— Exercise —
Exactly as written, return all the data, leaving its pictures behind.

— Given data —
—————
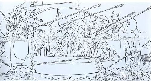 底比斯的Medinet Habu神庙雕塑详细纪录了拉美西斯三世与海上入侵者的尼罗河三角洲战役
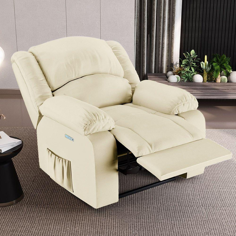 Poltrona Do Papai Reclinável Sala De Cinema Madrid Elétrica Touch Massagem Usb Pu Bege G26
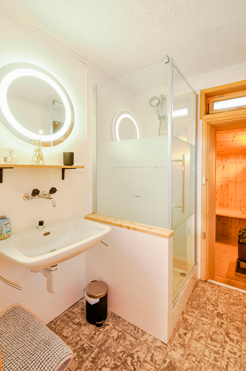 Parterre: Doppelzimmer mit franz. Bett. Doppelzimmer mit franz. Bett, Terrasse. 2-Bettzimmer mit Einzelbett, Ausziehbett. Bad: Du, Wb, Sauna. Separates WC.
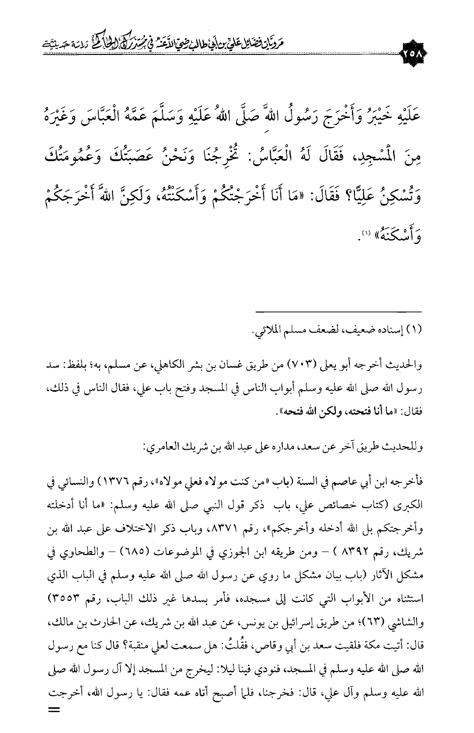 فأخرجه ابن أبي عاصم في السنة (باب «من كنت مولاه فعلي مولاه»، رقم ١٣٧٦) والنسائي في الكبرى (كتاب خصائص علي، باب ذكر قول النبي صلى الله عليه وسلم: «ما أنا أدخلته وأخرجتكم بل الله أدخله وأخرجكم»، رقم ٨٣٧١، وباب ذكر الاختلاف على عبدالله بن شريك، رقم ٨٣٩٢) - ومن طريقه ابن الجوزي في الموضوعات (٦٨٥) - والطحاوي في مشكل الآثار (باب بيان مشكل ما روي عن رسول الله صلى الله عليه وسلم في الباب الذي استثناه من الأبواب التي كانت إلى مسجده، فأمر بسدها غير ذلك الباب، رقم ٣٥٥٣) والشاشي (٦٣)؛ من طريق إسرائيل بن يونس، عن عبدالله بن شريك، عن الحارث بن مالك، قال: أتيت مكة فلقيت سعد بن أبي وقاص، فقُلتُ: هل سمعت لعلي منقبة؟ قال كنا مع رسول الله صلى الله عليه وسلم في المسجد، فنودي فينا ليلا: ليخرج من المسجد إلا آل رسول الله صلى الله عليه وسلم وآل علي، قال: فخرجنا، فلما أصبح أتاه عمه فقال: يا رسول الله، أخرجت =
—————
— Exercise result —
 底比斯的Medinet Habu神庙雕塑详细纪录了拉美西斯三世与海上入侵者的尼罗河三角洲战役
 Poltrona Do Papai Reclinável Sala De Cinema Madrid Elétrica Touch Massagem Usb Pu Bege G26
 Parterre: Doppelzimmer mit franz. Bett. Doppelzimmer mit franz. Bett, Terrasse. 2-Bettzimmer mit Einzelbett, Ausziehbett. Bad: Du, Wb, Sauna. Separates WC.
 فأخرجه ابن أبي عاصم في السنة (باب «من كنت مولاه فعلي مولاه»، رقم ١٣٧٦) والنسائي في الكبرى (كتاب خصائص علي، باب ذكر قول النبي صلى الله عليه وسلم: «ما أنا أدخلته وأخرجتكم بل الله أدخله وأخرجكم»، رقم ٨٣٧١، وباب ذكر الاختلاف على عبدالله بن شريك، رقم ٨٣٩٢) - ومن طريقه ابن الجوزي في الموضوعات (٦٨٥) - والطحاوي في مشكل الآثار (باب بيان مشكل ما روي عن رسول الله صلى الله عليه وسلم في الباب الذي استثناه من الأبواب التي كانت إلى مسجده، فأمر بسدها غير ذلك الباب، رقم ٣٥٥٣) والشاشي (٦٣)؛ من طريق إسرائيل بن يونس، عن عبدالله بن شريك، عن الحارث بن مالك، قال: أتيت مكة فلقيت سعد بن أبي وقاص، فقُلتُ: هل سمعت لعلي منقبة؟ قال كنا مع رسول الله صلى الله عليه وسلم في المسجد، فنودي فينا ليلا: ليخرج من المسجد إلا آل رسول الله صلى الله عليه وسلم وآل علي، قال: فخرجنا، فلما أصبح أتاه عمه فقال: يا رسول الله، أخرجت =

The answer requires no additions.